▸ **Given records**:
┌────────
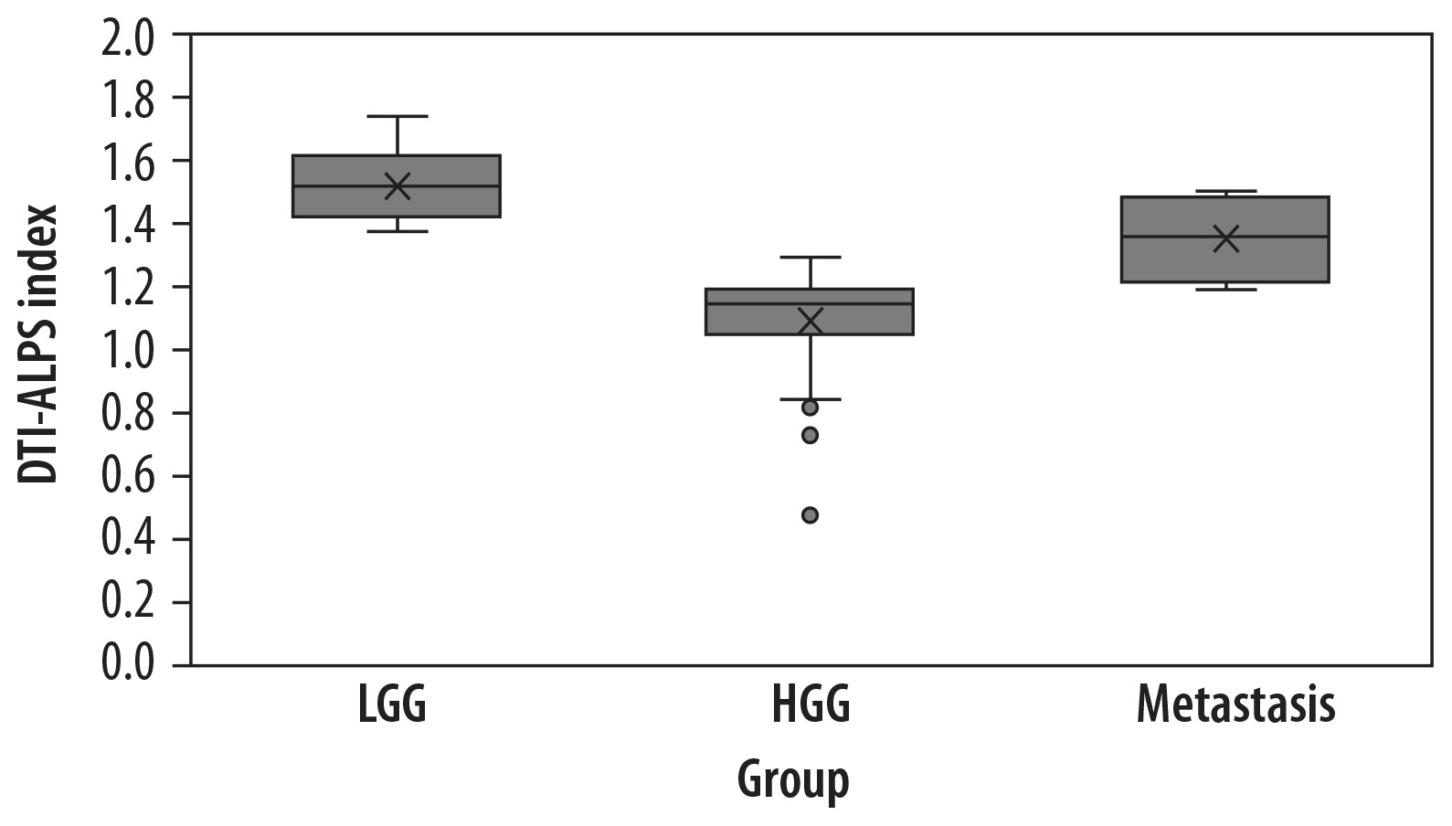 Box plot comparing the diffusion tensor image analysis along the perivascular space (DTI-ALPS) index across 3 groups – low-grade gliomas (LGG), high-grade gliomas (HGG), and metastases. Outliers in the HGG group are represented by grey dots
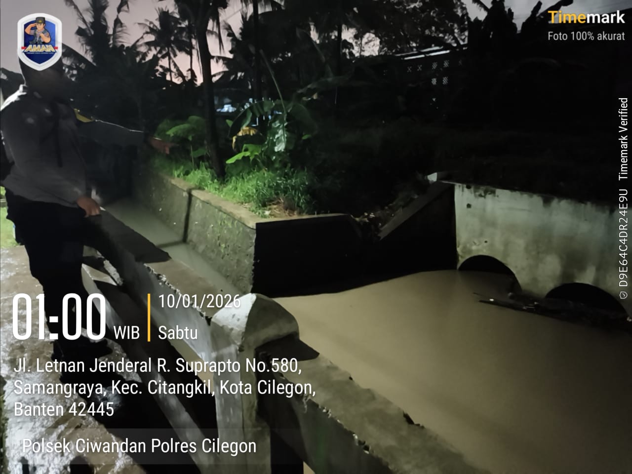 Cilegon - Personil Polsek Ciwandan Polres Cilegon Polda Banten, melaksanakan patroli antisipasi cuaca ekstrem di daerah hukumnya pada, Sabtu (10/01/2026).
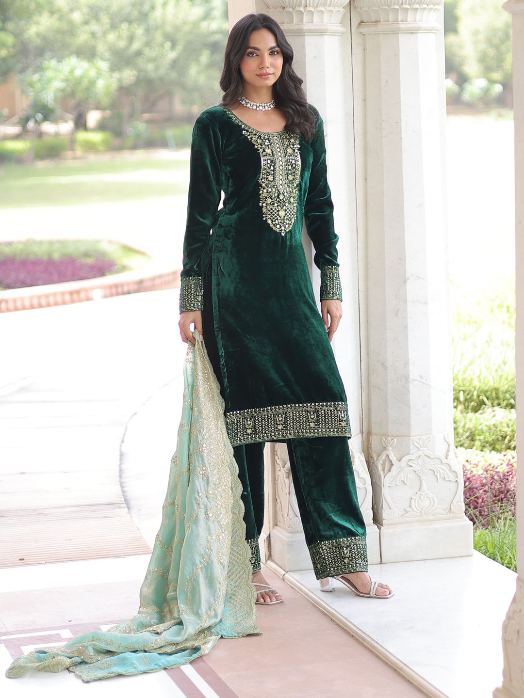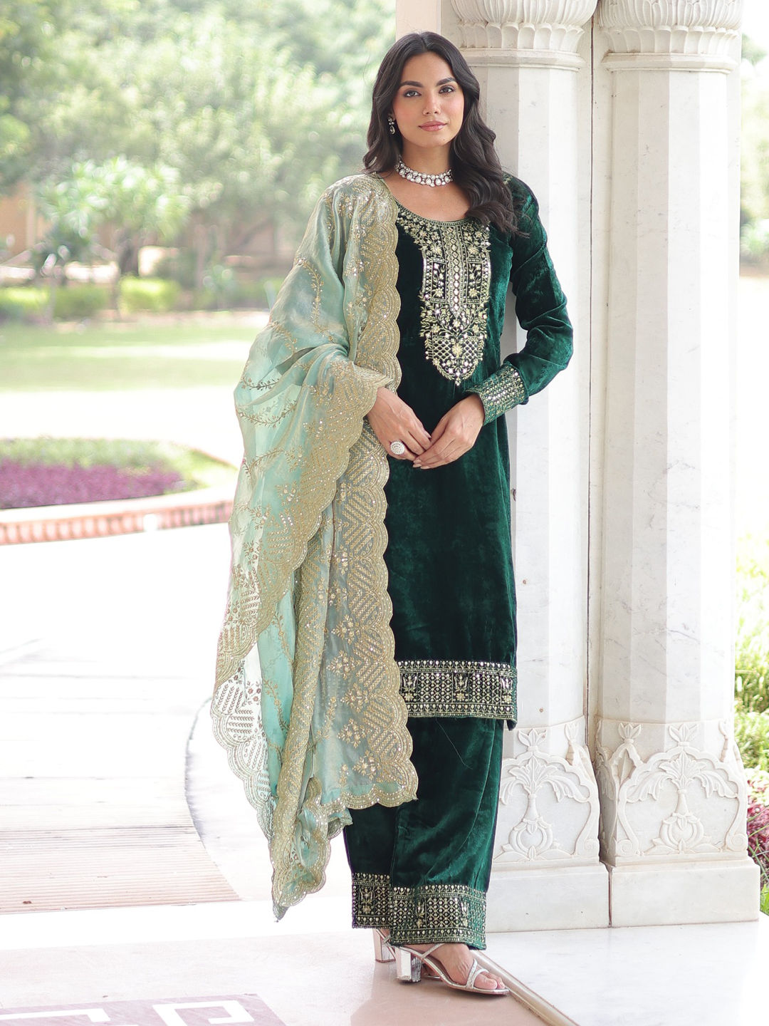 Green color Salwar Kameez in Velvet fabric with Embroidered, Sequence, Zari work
└────────
┌────────
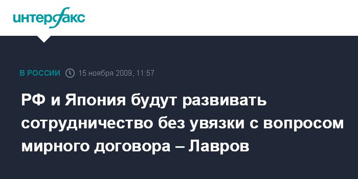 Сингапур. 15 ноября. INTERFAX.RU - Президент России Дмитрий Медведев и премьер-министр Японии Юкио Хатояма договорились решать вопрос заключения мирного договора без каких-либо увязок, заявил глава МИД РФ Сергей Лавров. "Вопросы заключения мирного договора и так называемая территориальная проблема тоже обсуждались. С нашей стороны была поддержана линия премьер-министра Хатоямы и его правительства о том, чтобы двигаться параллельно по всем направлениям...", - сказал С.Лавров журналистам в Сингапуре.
└────────
▸ **What the task asks**: Output only the stretch above from the line with "Box plot comparing" through the line with "Green color Salwar", reproduced exactly. Exclude pictures.

▸ **Result of the exercise**:
 Box plot comparing the diffusion tensor image analysis along the perivascular space (DTI-ALPS) index across 3 groups – low-grade gliomas (LGG), high-grade gliomas (HGG), and metastases. Outliers in the HGG group are represented by grey dots
 Cilegon - Personil Polsek Ciwandan Polres Cilegon Polda Banten, melaksanakan patroli antisipasi cuaca ekstrem di daerah hukumnya pada, Sabtu (10/01/2026).
 Green color Salwar Kameez in Velvet fabric with Embroidered, Sequence, Zari work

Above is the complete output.